Clashes between militiamen and the police in the city of Kut, about 100 miles southeast of Baghdad, since Tuesday have left at least 13 people dead including two policemen, according to local authorities quoted by Reuters adding that nearly 70 militia members were also detained.
Abadi was not able to immediately confirm the casualty figures but says that the Iraqi Army, which did not previously have a permanent presence in the city, has now gone in to keep the peace. He says the fighting was sparked when militiamen attacked the police and seized four of their newly issued vehicles.
The spokesman for US-led coalition forces in Iraq Rear Adm. Greg Smith said US air power was involved in the fighting in Kut early on but sought to play down the significance of the clashes there and the recent unrest in the south. He portrayed the fighting in Kut as just being a turf battle between "local groups."
"It's limited in terms of scope and scale … we do not view it as a widespread issue and concern outside of Kut," Admiral Smith told reporters during a briefing in Baghdad.
The US military continues to say that Al Qaeda is the No. 1 threat in Iraq, and Smith highlighted this Sunday by speaking about a group of 48 fighters that have been detained by US troops over the past four months. He said all came over the Syrian border to carry out suicide attacks in Iraq. He said their average age was 22 and that 40 percent were Saudi.
But a pattern of violence in southern Iraq over the past week highlights another threat, too.

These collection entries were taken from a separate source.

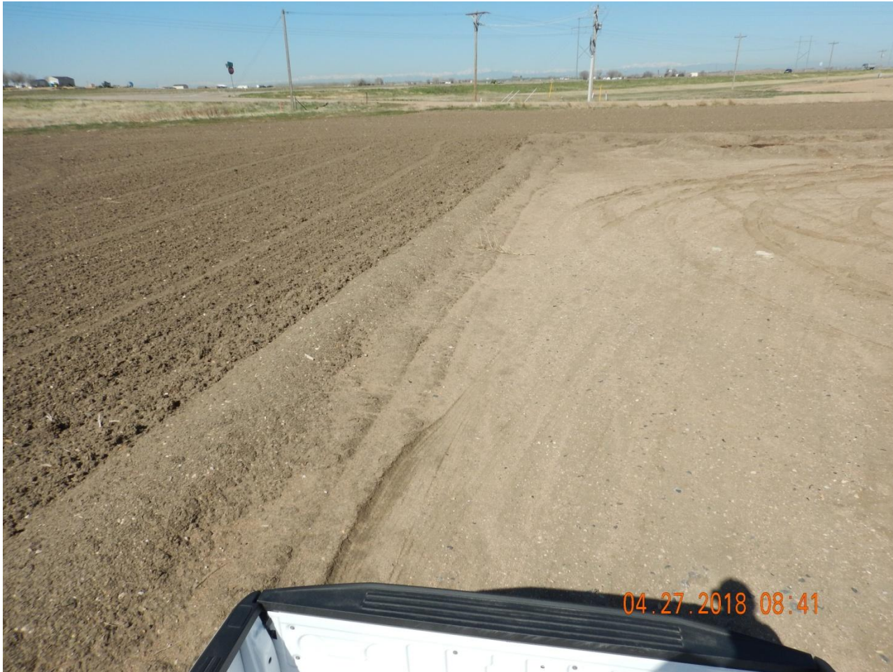
Photo 4. Photo taken from the southern well pad area, facing West. See comments under Photo 1.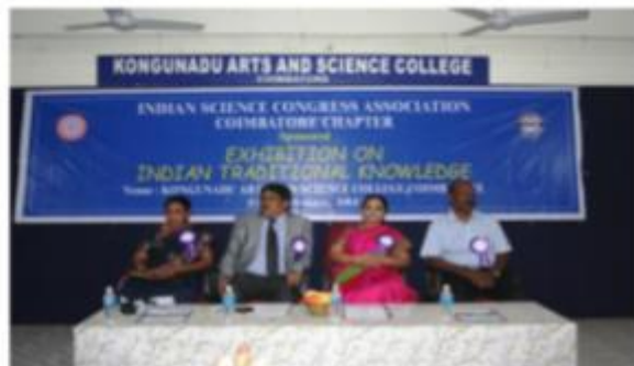
Dignitaries on the dais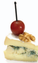
Torte Pick Camembert Cheese, Gorgonzola Cheese, Walnut, Red Grape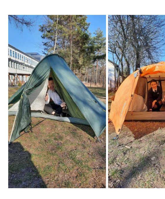
Zoja, MEPI participant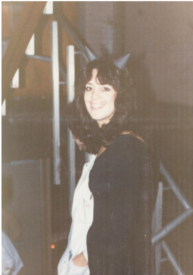
Our sweetheart is cute as a kitten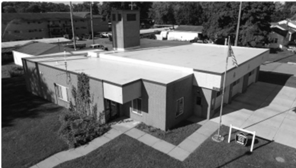
FIRE STATION NO. 51 & HEADQUARTERS

3301 WEST MICHIGAN AVENUE LANSING, MICHIGAN 48917 (517) 485-5443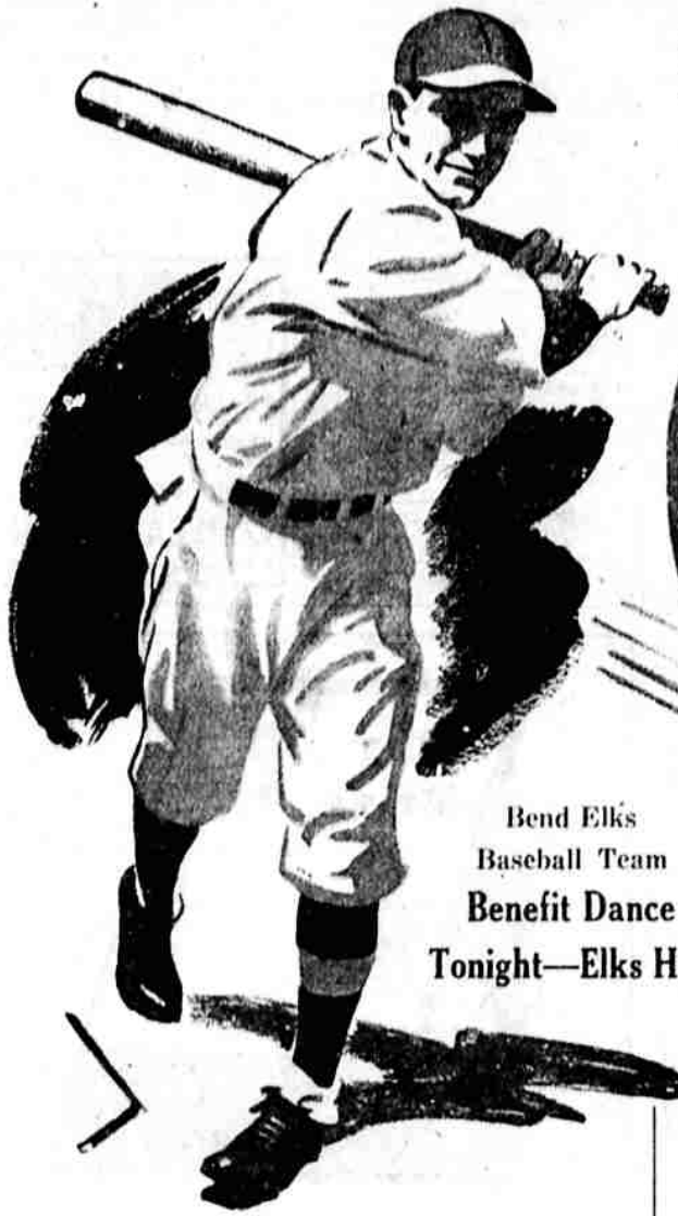
Bend Elks Baseball Team Benefit Dance Tonight—Elks Hall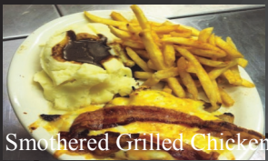
Smothered Grilled Chicken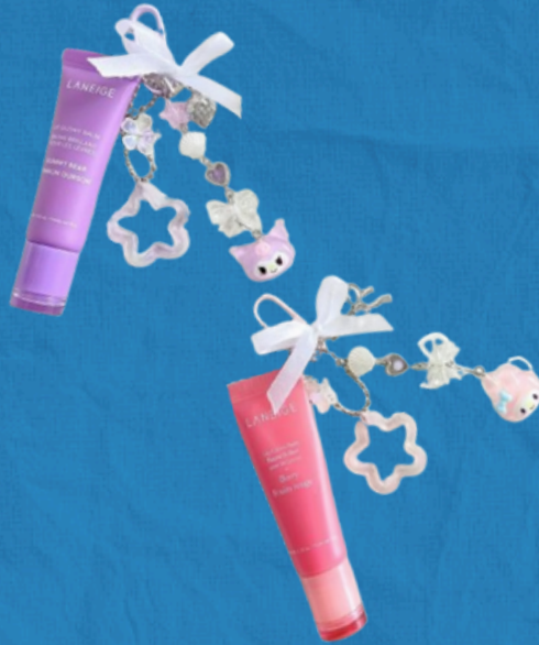
Mascot Magic Sanrio Characters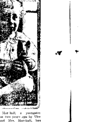
Happy Harrison Marshall, a man in a military uniform, is shown in a portrait.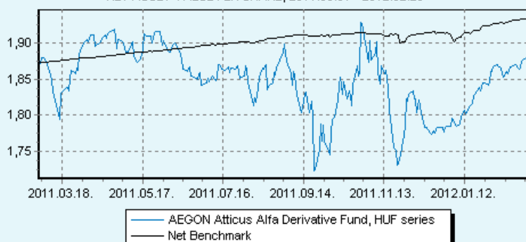
NET ASSET VALUE PER SHARE, 2011.03.01 - 2012.02.29

Past performance is no guarantee of future results. This report should not be considered as an offer or investment advisory. The Fund Prospectus contains the detailed conditions of the investment. The distribution costs of the fund purchase can be found at the distributors.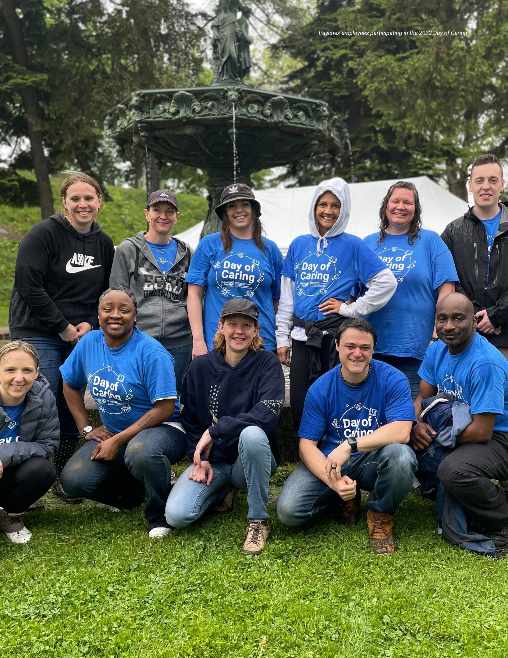
Paychex employees participating in the 2022 Day of Caring

Four American soldiers were killed in two separate attacks in southern Iraq Wednesday, a day after a powerful roadside bomb, similar to those Washington accuses Iran of shipping to Iraq, struck a bus near the southern city of Nasiriyah, killing 16 civilians. On Saturday, 29 Katyusha rockets aimed at the US consulate in Hilla, south of Baghdad, hit a residential neighborhood instead, wounding nine.